Exercise brief
Pictures in the listing do not belong in the copy, which should repeat exactly the lines from the one holding "Tarikere (16 km)" through the last line.

Records for the task
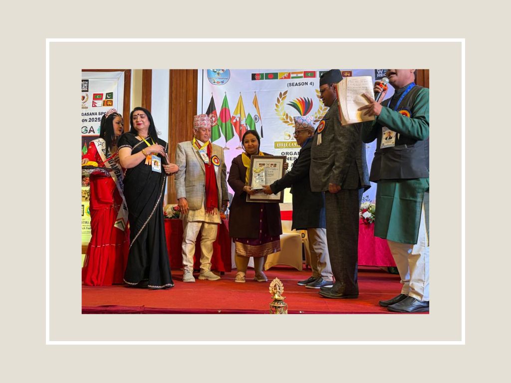 The prestigious summit was organized by the Bharat–Nepal Maitri Forum and witnessed the participation of eminent dignitaries and foreign delegates from various countries. In the august presence of Hon’ble Shri Madhav Kumar Nepal, former Prime Minister of Nepal, Advocate Shri Harendra Ray Yadav, Dr. Rajib Pal, and several international representatives, Advocate Mita Banerjee was formally felicitated for her outstanding contribution to society and diplomacy.
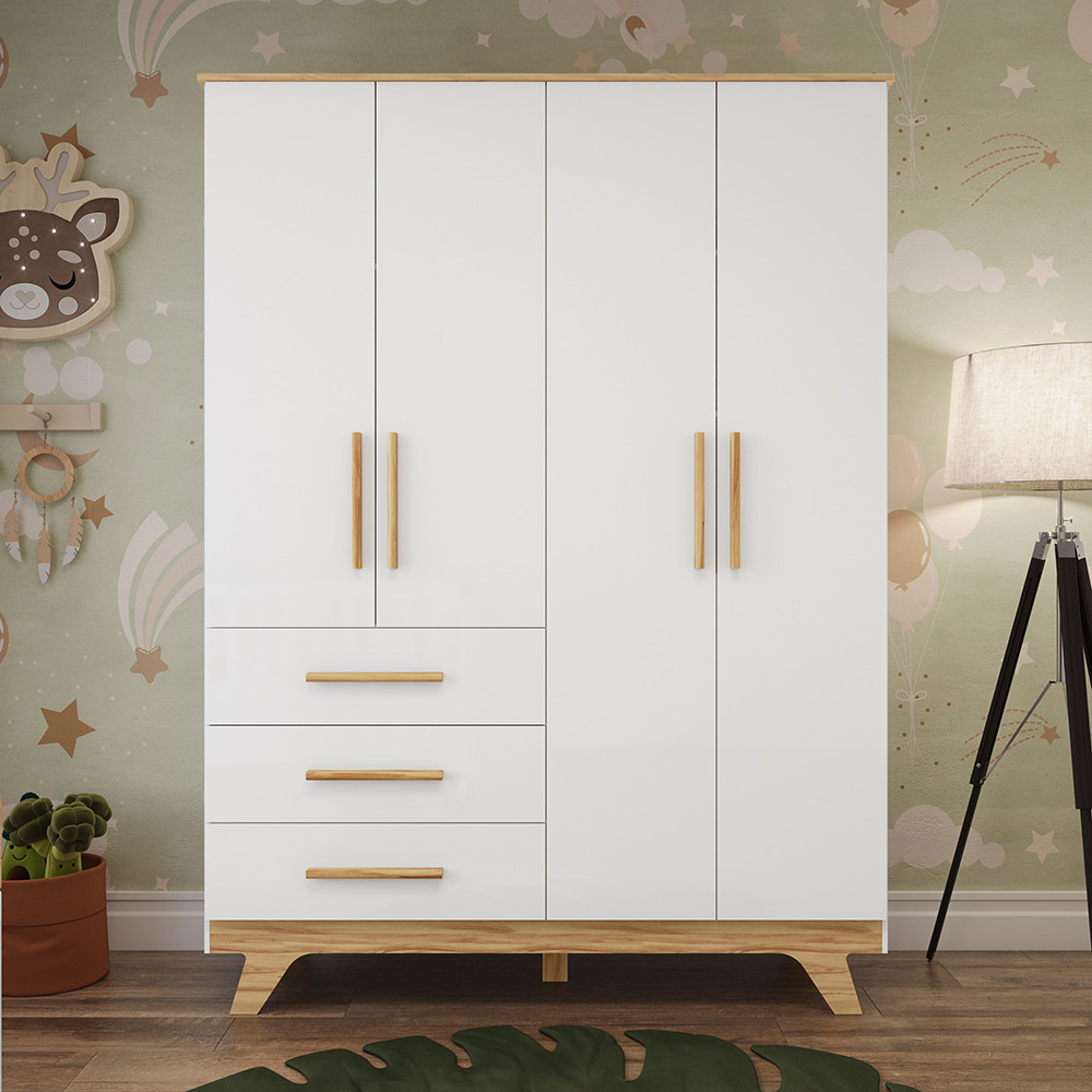 Guarda Roupa Infantil 4 Portas 3 Gavetas Retro Móveis Peroba
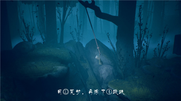 从空心木钻上去,按住Y冲刺跳跃,然后按ZL来抓住绳子晃过去
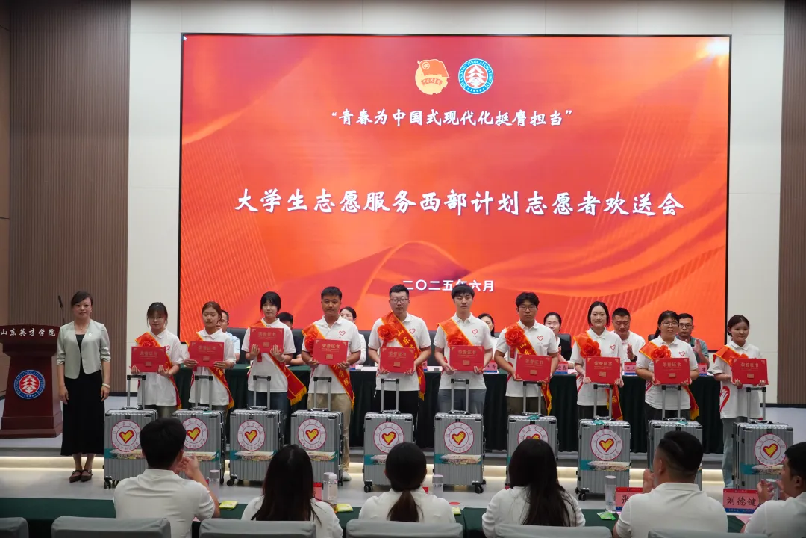 仪式的第一部分为西部计划志愿者欢送会。校团委书记张瑞君宣读《关于授予徐会茹等11名毕业生“志愿服务西部优秀毕业生”荣誉称号的决定》。执行校长王晓娜为受表彰的11名“志愿服务西部优秀毕业生”颁发证书及奖品,勉励他们努力拼搏,让青春之花绽放在祖国需要的地方。党委副书记孙玉香为志愿服务队授旗,寄语同学们在服务中促进民族团结,成为东西部协作的青春桥梁。2025年西部计划志愿者代表徐会茹发言,表达了投身西部建设的坚定决心:“选择西部计划,就是选择了责任与奉献。我们将带着知识与热情,扎根西部,用青春和汗水在祖国最需要的地方书写无悔篇章。”
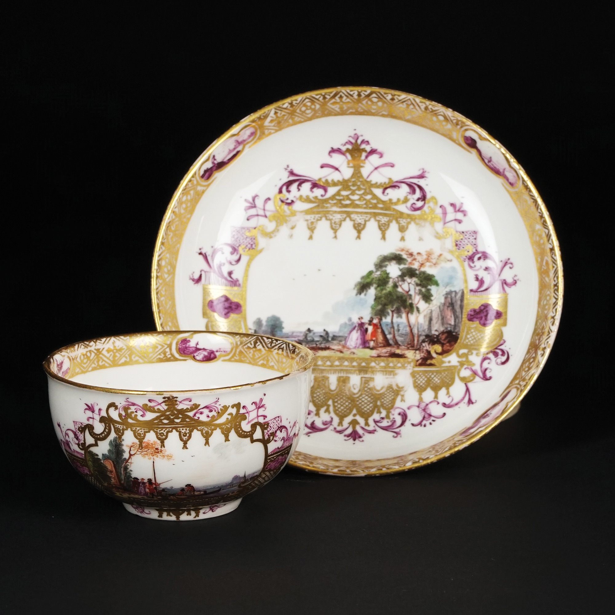 La tipica scena di ambientazione portuale, la cosiddetta Kauffahrtei, che domina sulla tazza, si contrappone ad un paesaggio alla sassone illustrato sia sulla tazza stessa che sul cavetto del piatto. Così troviamo mercanti sullo sfondo di una marina con imbarcazioni e alberi in secondo piano oltre a pittoresche vedute alberate, figurette e montagnole all'orizzonte, ispirate ai luoghi ameni della Sassonia. Le scene sono ben circoscritte da una sorta di cornice caratterizzata superiormente da un motivo a lambrequins tipico del Luigi XIV da cui ricadono cascatelle di volute che, ampliate alla base, formano un appoggio ideale alla vignetta. Paesini realizzati in monocromia verde, animati anch'essi da personaggi minimi, interrompono la bordura che orla sia la tazza sia il piatto.
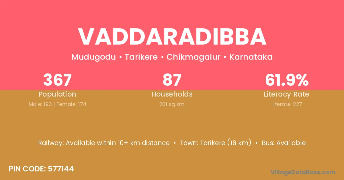 Tarikere (16 km) is the nearest town to Vaddaradibba village for major economic activities and is located approximately 16 km away.
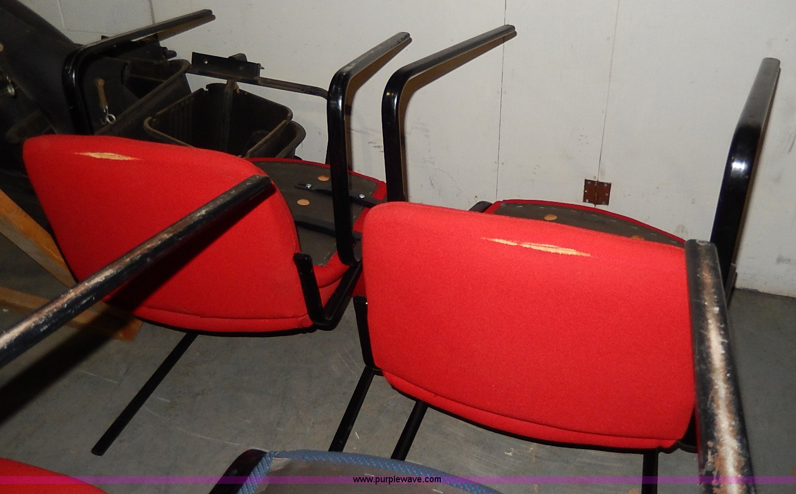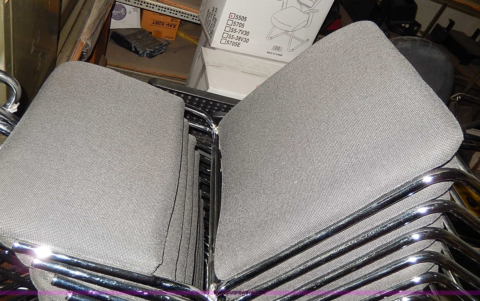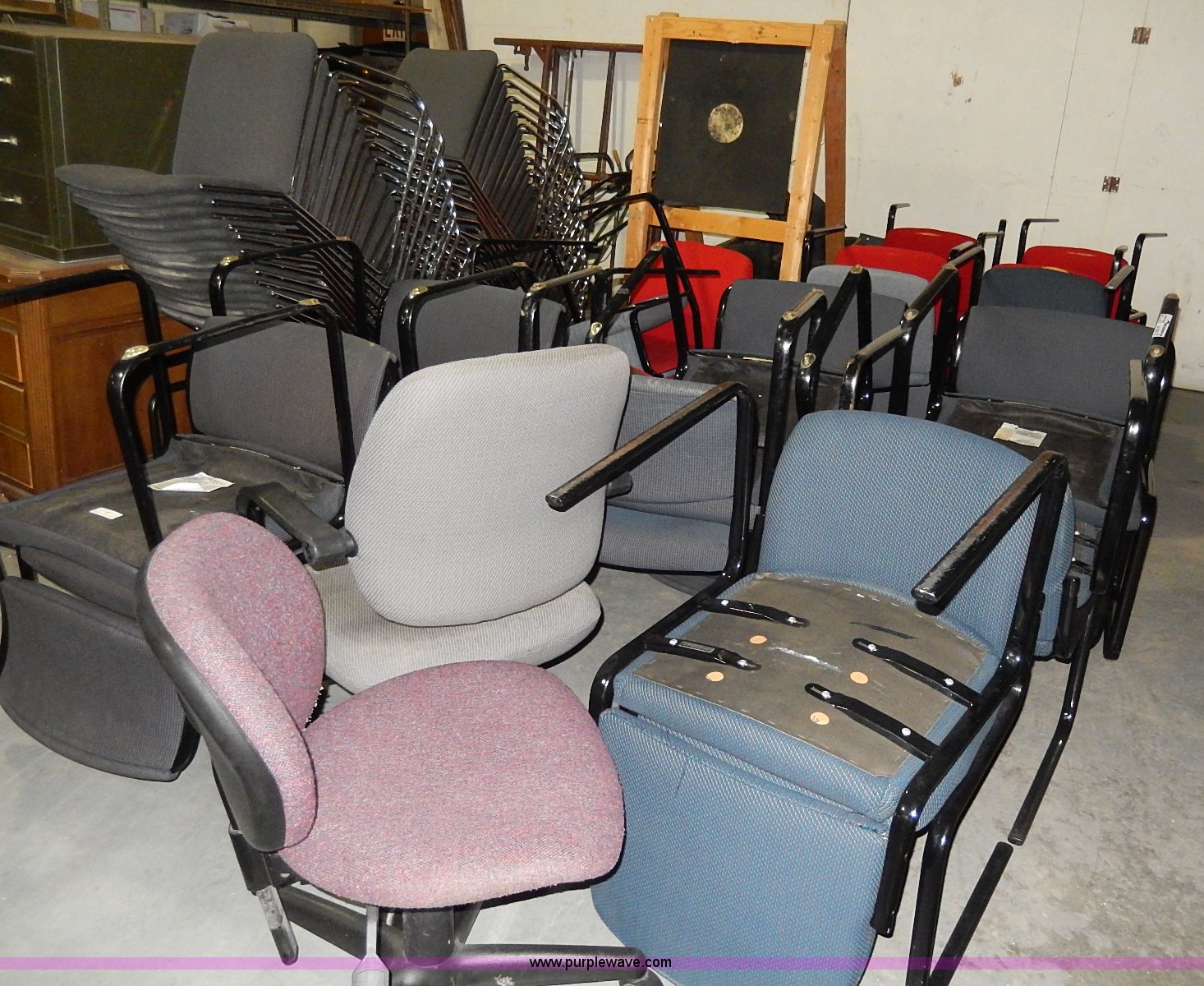 Purple Wave is selling a used Furniture in Kansas. This item is a Approximately 60 assorted chairs with the following: Cloth seats and backs, Some have cosmetic damage, Racks are not included

Task response
 Tarikere (16 km) is the nearest town to Vaddaradibba village for major economic activities and is located approximately 16 km away.
 Purple Wave is selling a used Furniture in Kansas. This item is a Approximately 60 assorted chairs with the following: Cloth seats and backs, Some have cosmetic damage, Racks are not included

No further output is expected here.